Theatre Tales (Switch) Review
Will teach your kid how video games should NOT be
Kids like Fairy Tales, right?
Theatre Tales puts the player in control of the puppet master that acts out scenes from popular fairy tales. Only Little Red Riding Hood is currently available but there are other options grayed out at the start menu such as Puss in Boots, Cinderella, and Snow White. It is assumed these future episodes will be available as (paid?) DLC as the initial Theatre Tales download only costs about $1. However, the official description of the game makes it seem like all these other stories are included when they are not. Either way, clearly this is a game, more like an app, designed for young children or as a way for parents to sit down and play some Switch together.
I am clearly not the target audience for this Switch eShop download but there are still some glaring flaws that any player will immediately feel – the play control is broken. In any game, since the history of mankind, players use the left d-pad or analog stick to move while the face buttons on the right side of the controller do stuff (jump, reload, action, attack, etc). Nope. Not here. Theatre Tales actually maps the movement of the puppets to the right analog stick and still expects the player to hit the “B” button on the same side of the controller to select things. I thought perhaps I synced my JoyCons wrong, or that the player was supposed to use the touch screen (the touch screen doesn’t work at all FYI). But nope. Movement and the one action button are mapped to the same JoyCon. To be clear, this is when playing in handheld mode or with a Pro Control – not holding a single JoyCon horizontally. Not only does this not work, this will confuse the heck out of adults and especially young children learning how to hold and play video games. Imagine playing a Mario game using only one thumb, making it impossible to run and jump at the same time. That is exactly what is happening here.

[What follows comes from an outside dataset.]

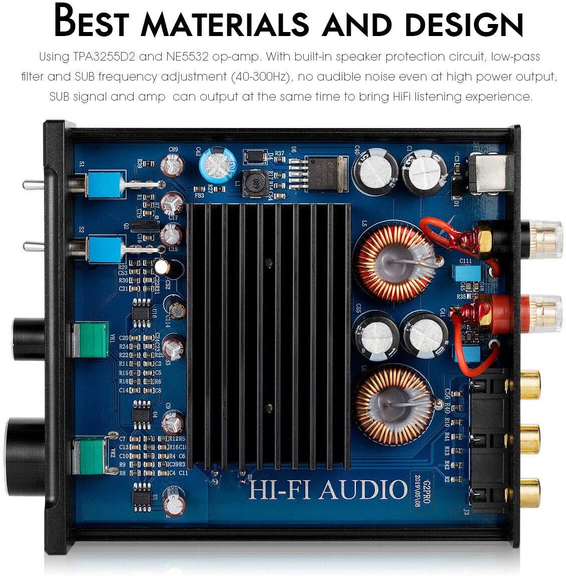 - Maximale Ausgangsleistung von 300W: mit TPA3255D2 Verstärkerchip und ausgestattet mit einem 32 V / 5 A grossen Netzteil, das ausreicht, um passive 320-W-Lautsprecher oder Subwoofer anzutreiben. Es passt auch gut zu
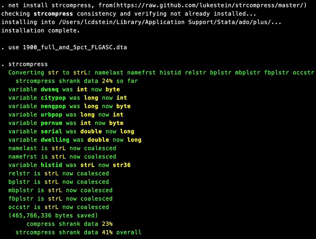 Converting Census files to use @Stata’s long string variable type just saved me GBs of storage space. Lossless and painless. It’s so easy, I made you a Stata command! github.com/lukestein/strcompress @lukestein/1222263793876492290

If you do manage to put up with the broken controls, the player simply moves back and forth across the screen to forward the story. For example, Red Riding Hood needs to bake a pie to take to grandma’s house so the player has to click on the ingredients in the room then click on the oven. There is no way to win or lose, just progress. Then, within just a couple minutes, the story concludes and the player is taken back to the main menu with all the other stories grayed out. Even with the very low asking price, it still isn’t recommended since this “game” isn’t even finished and what is there is horribly designed. Better off reading the book instead. At least the book can spell theater correctly.